The sound accent of the album is the Stroh (or Strohviol) violin, which, while it was invented in 1899, summons in a counter-intuitive way the sensations of a much older music with its obscured and brassy timbre. The Stroh violin, a string instrument mechanically amplified by a metal resonator and a horn attached to its body, sounds as if it should have existed centuries ago. It was originally created as a solution to a problem encountered by early recording artists: the sound of stringed instruments was very difficult to capture. The horn attached to the Stroh violin provided a solution.

The Stroh violin is joined by the two-track organ and another unusual instrument, the daxophone, on the “Last Dance” track. Both the Stroh violin and the daxophone were created by inventors; we can thank John Matthias Augustus Stroh and Hans Reichel respectively. Without going too deep into the rabbit hole, the daxophone is an experimental wooden electric musical instrument commonly believed to possess both human and animal vocal quality.

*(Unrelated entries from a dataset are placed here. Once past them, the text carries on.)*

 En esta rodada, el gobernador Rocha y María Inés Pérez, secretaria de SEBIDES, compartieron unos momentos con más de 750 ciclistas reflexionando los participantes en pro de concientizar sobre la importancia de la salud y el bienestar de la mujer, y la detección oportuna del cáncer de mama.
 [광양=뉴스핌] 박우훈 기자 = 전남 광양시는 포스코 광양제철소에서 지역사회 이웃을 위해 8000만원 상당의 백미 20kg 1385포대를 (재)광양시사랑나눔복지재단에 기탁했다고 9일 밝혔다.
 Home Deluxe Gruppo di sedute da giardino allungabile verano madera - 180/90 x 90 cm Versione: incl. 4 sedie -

Speaking with Mattrey, she mentioned that this sense of history relates to the series of harmonics – the chorus of notes that naturally resonate with a specific instrument – of the Stroh violin. Combined with the enlightened historical perspective that Mattrey brings to the album and the extraordinary additions of the organ and daxophone, the effect is mesmerizing.

Sarah davachi

Antiphonic music is traditionally music performed by two interacting choirs, often separated by opposing choir attics, and was particularly popular in Italy during the late Renaissance and early Baroque periods. Sarah davachiThe modern version of antiphonic music does not include two choirs, but rather offers a play on the “real” and the “synthetic”. by Davachi Antiphons combines the 20th century electromechanical mellotron (English horn, bass flute, clarinet, recorder, oboe, French horn, chamber organ, nylon string guitar) with electric organ, pipe organ, harpsichord, synth and other instruments. Resolutely vintage and Gothic, these two groups of instruments transport the listener to a resonating cathedral.

Cantus, Descant

Thinking about which of Davachi’s albums to write for this piece, I couldn’t choose, so I included two. Davachi took the time as an instrument whisperer and the voices shine through on his record Cantus, Descant which features four separate pipe organs (including one from 1478) and a reed organ throughout the album. After spending a decade looking after the keyboard collection at the National Music Center of Canada, it is perhaps not surprising that in an interview with The creative independent, she says instruments are almost like people, that you have to spend time getting to know them.


At first glance, between Davachi’s two albums, Cantus, Descant might be the most obvious choice for a piece on historical instruments. But in many ways the concept of antiphonic music runs a common thread throughout all of these albums, pointing to the dialogue between ancient instruments and today’s musical sensibilities. For Vicens, this dialogue allows the literal emergence of a specific harpsichord voice, evoking chronicles of time that we will never be able to reach. For Herron, the result is a portrait of the viola bass as a whole rather than any particular instrument. Perhaps hearing this way is something more subtle, leaving the imagination and the body to act as a conduit rather than the other way around. By allowing these resonances to move through us as listeners, we may have our own journey.